Michael Langhi (born 2 April 1985) is a Brazilian Jiu Jitsu (BJJ) World Championship Champion and World No-Gi Championship Champion. Langhi is one of a select group of fighters to have won all 4 major Gi Championships more than once – World Championship x3, European Open Championship x6, Pan Jiu-Jitsu Championship x2 and Brazilian Nationals Championship x4.

Langhi began training in 2002 under Rubens Charles at his academy in Sao Carlos. Prior to receiving his Black Belt Langhi was also a multiple World Champion at Blue, Purple and Brown Belt level. In 2009 Langhi was awarded the best Jiu Jitsu Competitor of the year award. Jiu Jitsu talent runs in the family as his brother Michel Langhi is also a multiple IBJJF World Champion.

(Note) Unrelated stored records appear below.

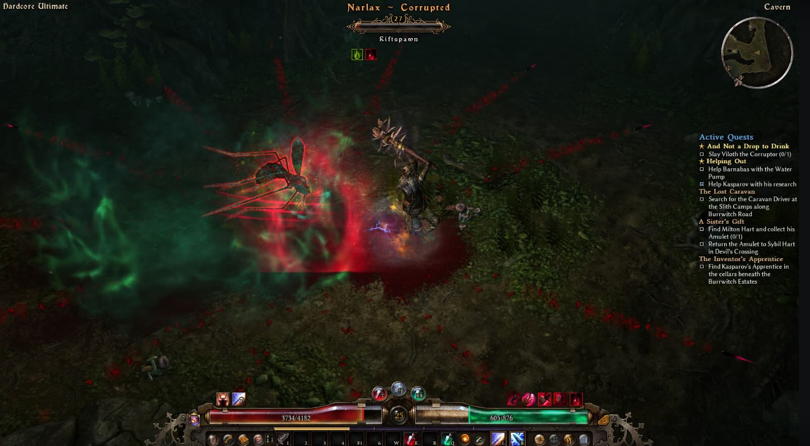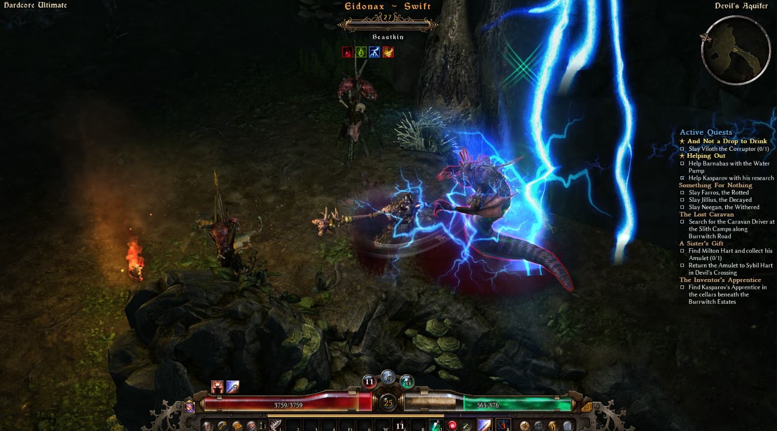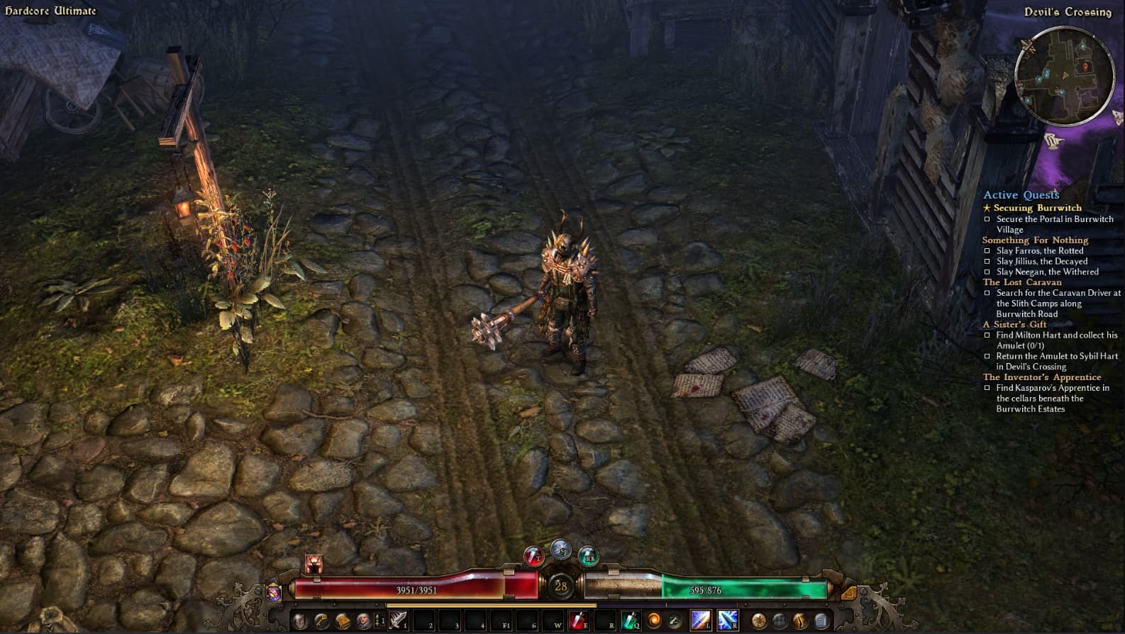 Yes, actually, because Im not used to having any class skills to utilize! Haha. Im striking a balance between survivability and damage, my main goal is to secure resistances before i drop a deep investment into my offense. So far thats paying off pretty well. I just killed Viloth, and am pretty much just doing farming runs to try to roll some better gear. Currently my gear is all Poison/Acid res mainly because I was just now going after Viloth. I also keep getting 1 handed drops, which is not the route im going. Every Epic drop has been something my build cant use, so Im just farming a bit now before heading to the flooded passage.
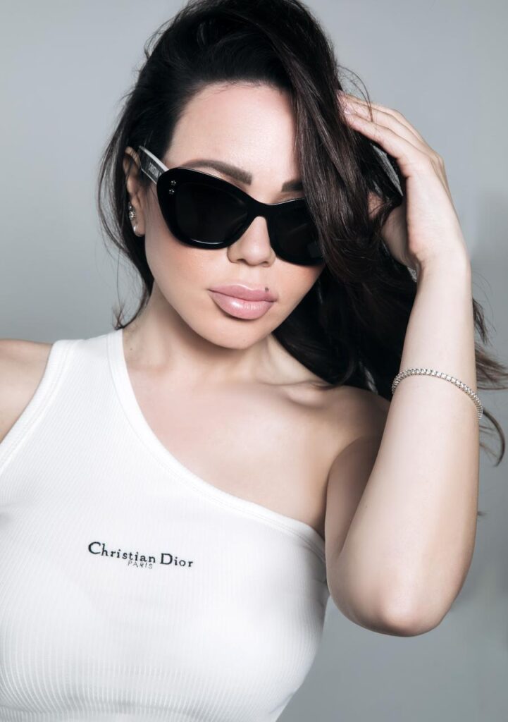 وفي لقطة مقربة أخرى، ظهرت أسما بنظارات شمسية سوداء من ديور أيضاً ذات تصميم كلاسيكي جريء، أضافت المزيد من الغموض والجرأة على إطلالتها، كما ارتدت سوارًا بسيطًا من الألماس على يدها، ما زاد من فخامة الإطلالة دون تكلف.
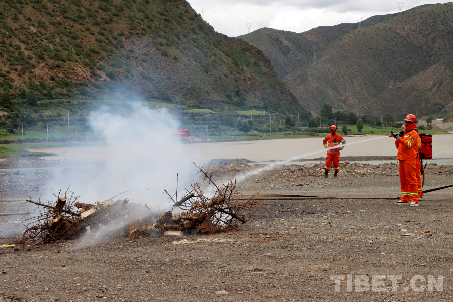 圖為護(hù)林員在消防員指導(dǎo)下開展滅火訓(xùn)練
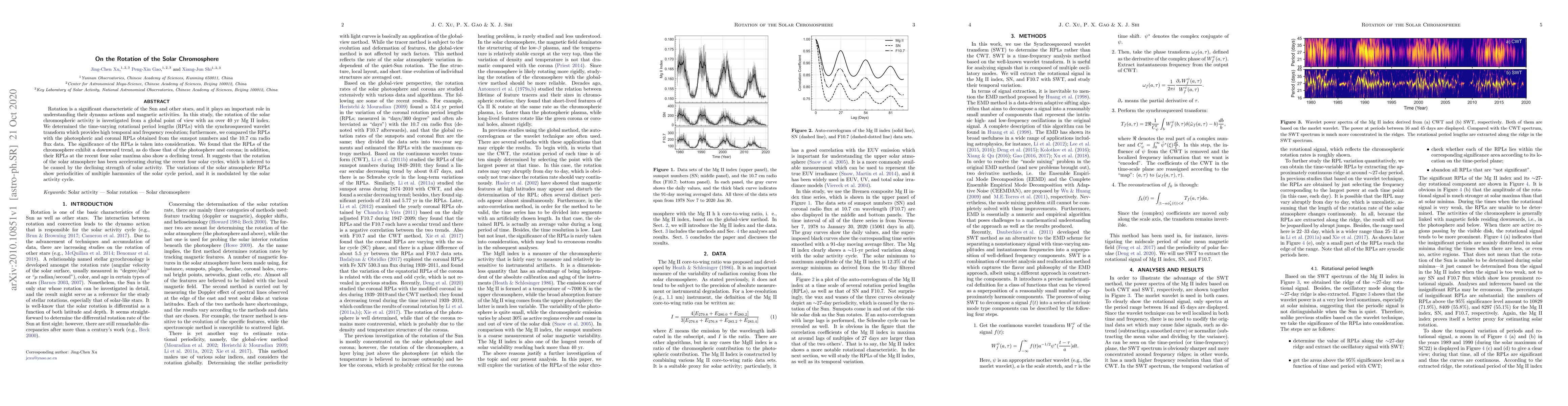 Rotation is a significant characteristic of the Sun and other stars, and it plays an important role in understanding their dynamo actions and magnetic activities. In this study, the rotation of the solar chromospheric activity is investigated from a global point of view with an over 40 yr Mg II index. We determined the time-varying rotational period lengths (RPLs) with the synchrosqueezed wavelet transform which provides high temporal and frequency resolution; furthermore, we compared the RPLs with the photospheric and coronal RPLs obtained from the sunspot numbers and the 10.7 cm radio flux data. The significance of the RPLs is taken into consideration. We found that the RPLs of the chromosphere exhibit a downward trend, as do those that of the photosphere and corona; in addition, their RPLs at the recent four solar maxima also show a declining trend. It suggests that the rotation of the solar atmosphere has been accelerating during the recent four solar cycles, which is inferred to be caused by the declining strength of solar activity. The variations of the solar atmospheric RPLs show periodicities of multiple harmonics of the solar cycle period, and it is modulated by the solar activity cycle.
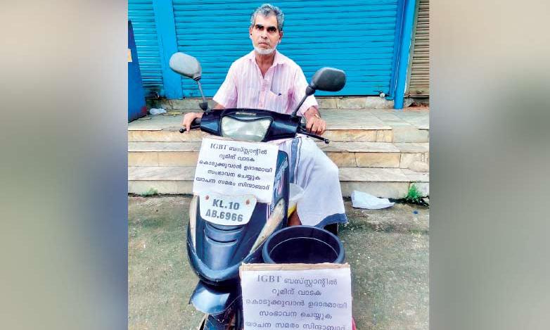 കച്ചേരിപ്പടി സ്റ്റാൻഡിൽ ആളനക്കമില്ല; വാടക നൽകാൻ യാചന സമരവുമായി വ്യാപാരി
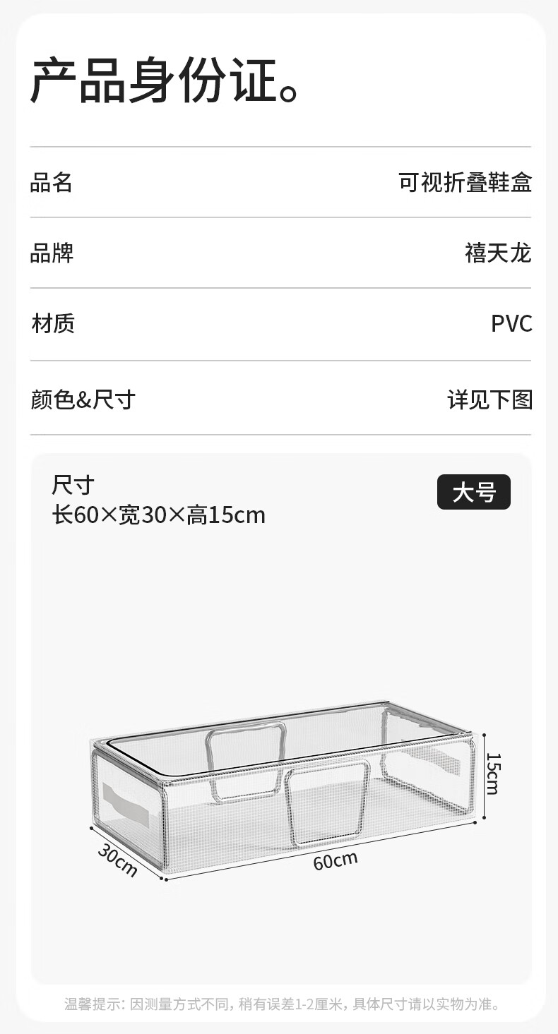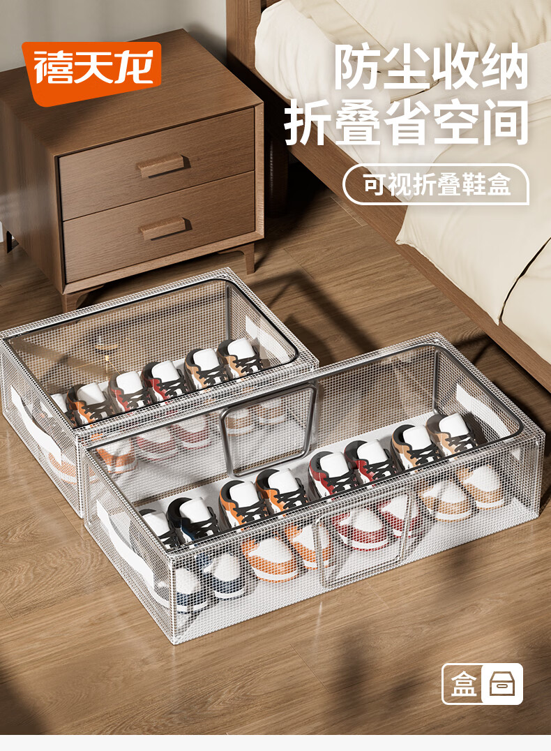 Xitianlong shoe storage artifact space-saving under the bed transparent shoe support shoe cabinet box shoe box storage box transparent shoe rack large dust-proof shoe box 60*30*15cm

Langhi retired from competition during the 2019 IBJJF World Championships.

He is the CEO at the 13x World Champions Alliance Jiu Jitsu Club in Sao Paulo where he teaches alongside 7th degree Red and Black Belt Mestre Fabio Gurgel and trains alongside numerous multiple world champions. He has also given seminars throughout Brazil and around the World in countries like Finland the UK and Croatia.